Nationwide: America Raps Back
January 19, 1988
Record Industry types used to ask me, “How long will this rap thing last?” They don’t any longer. Not when three different hip hop tours played to near-capacity crowds at sports arenas and concert halls across America last summer. Not when they can look at Billboard’s black album chart last November and see that eight of the top 30 albums are by rappers, including three of the top 10. Not when their kids ignore Marlon Jackson, the Bar-Kays, and Shalamar for the simple pleasures of U.T.F.O. and Kool Moe Dee.

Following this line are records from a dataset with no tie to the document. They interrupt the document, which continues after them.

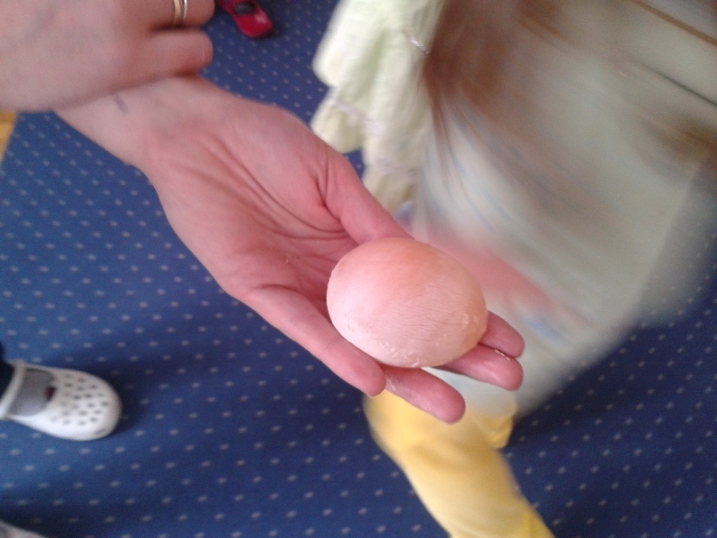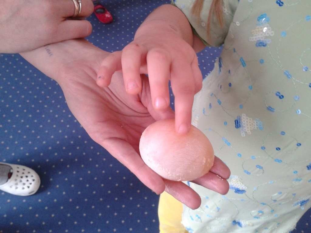 Dowiedzieliśmy się między innymi dlaczego jajko nie tonie w słonej wodzie i w czym to ciekawe zjawisko możemy jeszcze wykorzystać. Na wynik drugiego doświadczenia musieliśmy cierpliwie poczekać do następnego dnia. W pierwszej kolejności umieściliśmy jajko w naczyniu wypełnionym octem i odstawiliśmy je na całą noc w ustronne miejsce. Na drugi dzień, po wyjęciu jajka z naczynia mogliśmy zobaczyć, że skorupka zrobiła się miękka i bardzo delikatna a nawet straciła swój kolor. Następnie prześwietliliśmy jajko latarka by móc zajrzeć jak wygląda ono od środka. Teraz wiemy jak wygląda surowe żółtko i białko bez rozbijania jajka.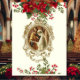 Featuring a beautiful traditional Catholic image of the Espousal of the Blessed Virgin Mary and St. Joseph with red poinsettias and berries. A prayer is on the back for the bride and groom. All text and fonts can be modified.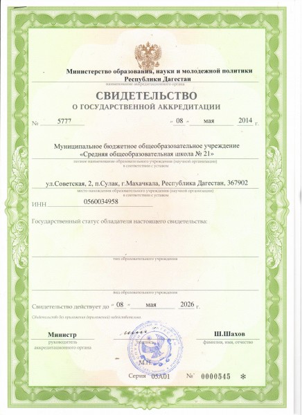 Свидетельство о государственной аккредитации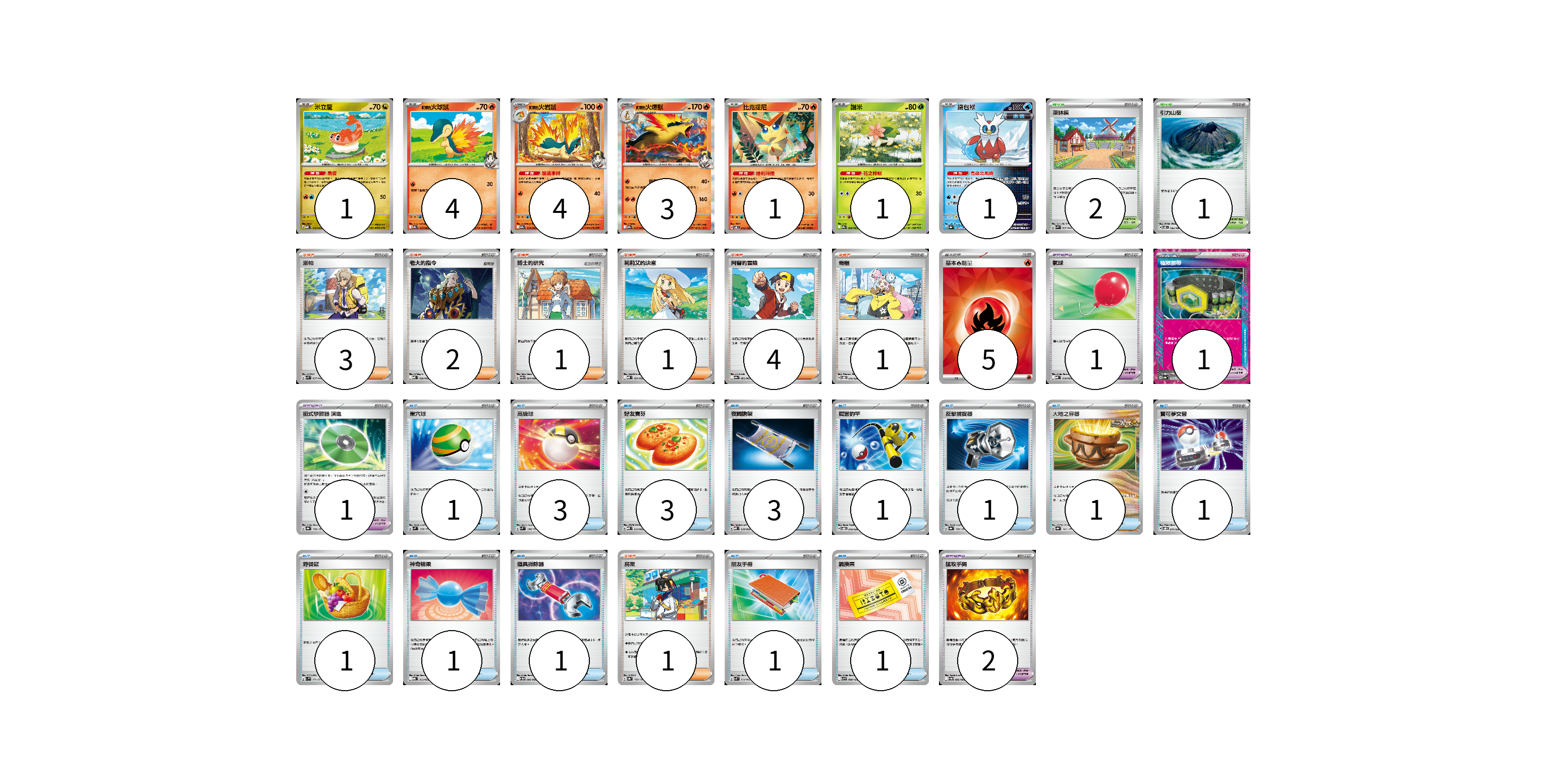 牌組構築方案 以此牌組為基礎新構築牌組 顯示卡面 顯示列表 寶可夢卡(15) 1 4 4 3 1 1 1 寶可夢道具(4) 1 1 2 物品卡(20) 1 1 3 3 3 1 1 1 1 1 1 1 1 1 支援者卡(13) 3 2 1 1 4 1 1 競技場卡(3) 2 1 能量卡(5) 5 寶可夢卡(15) 卡牌名稱 張數 卡牌名稱 張數 米立龍 MBD 010/022 01 <阿響的>火球鼠 SV9a 015/063 04 <阿響的>火岩鼠 SV9a 016/063 04 <阿響的>火爆獸 SV9a 017/063 03 比克提尼 SV8 012/106 01 謝米 SV9a 006/063 01 鐵包袱 SV8a 047/187 01 寶可夢道具(4) 卡牌名稱 張數 卡牌名稱 張數 極限腰帶 SV8a 159/187 01 招式學習器 演進 SV8a 160/187 01 猛攻手鐲 SV11W 082/086 02 物品卡(20) 卡牌名稱 張數 卡牌名稱 張數 氣球 MBD 018/022 01 巢穴球 SVM 133/175 01 高級球 SVM 134/175 03 好友寶芬 MBD 013/022 03 夜間擔架 MBD 016/022 03 厲害釣竿 SVOD 010/020 01 反擊捕捉器 SV8a 139/187 01 大地之容器 SV8a 143/187 01 寶可夢交替 SVOD 014/020 01 野餐籃 SV1V 071/078 01 神奇糖果 MBG 013/022 01 道具拆除器 SV11W 080/086 01 朋友手冊 SVK 014/042 01 調換票 SV9 090/100 01 支援者卡(13) 卡牌名稱 張數 卡牌名稱 張數 派帕 SVK 035/042 03 老大的指令 MBD 020/022 02 博士的研究 SV11B 084/086 01 莉莉艾的決意 MBD 021/022 01 阿響的冒險 SV9a 063/063 04 奇樹 SVOD 016/020 01 烏栗 SV8a 169/187 01 競技場卡(3) 卡牌名稱 張數 卡牌名稱 張數 深缽鎮 SVK 039/042 02 引力山岳 SV8 106/106 01 能量卡(5) 卡牌名稱 張數 卡牌名稱 張數 基本【火】能量 SVQL FIR 05 以此牌組為基礎新構築牌組 牌組編碼 QLkssO-QOXxqW-DxaDkV copy 列印牌組單 牌組編碼已複製 分享至SNS

Rap, and its hip hop musical underpinning, is now the national youth music of black America and the dominant dance music of urban America, with the possible exceptions of Washington, D.C., spawning ground of the hip hop influenced go-go scene, and Chicago, with its retro-disco house music. Rap’s gone national and is in the process of going regional. That seems like a contradiction, but it’s actually easily explained. Rap spread out from New York to attract a loyal, national audience. New York rapped and America listened. Now America is rhyming back.

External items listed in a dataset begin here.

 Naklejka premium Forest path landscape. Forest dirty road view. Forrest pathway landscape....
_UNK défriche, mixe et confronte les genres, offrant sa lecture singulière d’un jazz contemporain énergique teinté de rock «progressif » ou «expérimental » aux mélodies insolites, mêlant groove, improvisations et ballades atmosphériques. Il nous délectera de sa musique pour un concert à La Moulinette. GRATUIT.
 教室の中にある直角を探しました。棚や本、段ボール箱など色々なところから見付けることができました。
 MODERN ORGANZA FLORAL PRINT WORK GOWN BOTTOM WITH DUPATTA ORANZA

Over the last year and a half labels like Miami’s Luke Skywalker, Houston’s Rap-A-Lot, and Boston’s Beautiful Sounds have emerged, independent record companies nurtured by local rap scenes and often fighting losing battles for radio play in their areas. While creatively these cities have yet to spawn Def Jam/Rush level stars, these fruitful hip hop markets will inevitably produce talent with national appeal. Dallas and Houston, Cleveland, Detroit, Philadelphia, Miami, and even Los Angeles can, according to Def Jam promotion vice-president Bill Stephney, “outsell New York on certain records.”

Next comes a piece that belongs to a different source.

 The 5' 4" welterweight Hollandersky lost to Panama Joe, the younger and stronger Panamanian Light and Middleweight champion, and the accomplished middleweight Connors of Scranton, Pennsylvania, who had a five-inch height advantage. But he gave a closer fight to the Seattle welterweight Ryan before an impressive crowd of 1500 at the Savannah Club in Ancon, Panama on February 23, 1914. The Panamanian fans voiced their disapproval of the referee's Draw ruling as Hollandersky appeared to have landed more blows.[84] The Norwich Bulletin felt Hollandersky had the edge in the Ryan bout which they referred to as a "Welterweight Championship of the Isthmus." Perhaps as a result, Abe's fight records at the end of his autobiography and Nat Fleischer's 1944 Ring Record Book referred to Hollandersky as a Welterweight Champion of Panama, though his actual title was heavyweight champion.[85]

While judging last summer’s raucous hip hop competition at the New Music Seminar, it was clear that there was more to rap than Uptown. Three of the four finalists in the scratching DJ throwdown were from outside New York: Philadelphia’s Cash Money who, with MC Marvelous, cuts for Sleeping Bag; Los Angeles’s Joe Cooley, who works with rapper Rodney O; and Miami’s Mr. Mix, of the notorious 2 Live Crew. Though none of the out-of-town rappers made the finals, several were among the most memorable, including Detroit’s Robert S., who’s recorded two poorly promoted 12-inches on Epic; Philadelphia’s well-regarded M. C. Breeze; and Cleveland’s Bango the B-Bov Outlaw, who’ll be heard on the soundtrack to Dennis Hopper’s Los Angeles gang melodrama, Colors, in late February.
The reasons for rap’s growth are easy to trace. First, there’s the music; direct, raw, easy to emulate. Equally important have been New York rap tours, and not just the big arena extravaganzas of recent years. When Kurtis Blow and Grandmaster Flash hit the road in the early ’80s, they helped create a new chitlin’ circuit of teen appeal clubs and auditoriums. Because it was so inexpensive to book rap acts — Blow traveled with just a DJ and a road manager — dates were possible not only in small venues but, in towns like Gary, Indiana, and Lake Charles, Louisiana, a rapper could play multiple dates in one night. So the generation of rappers and scratchers now emerging first tasted hip hop up close and personal.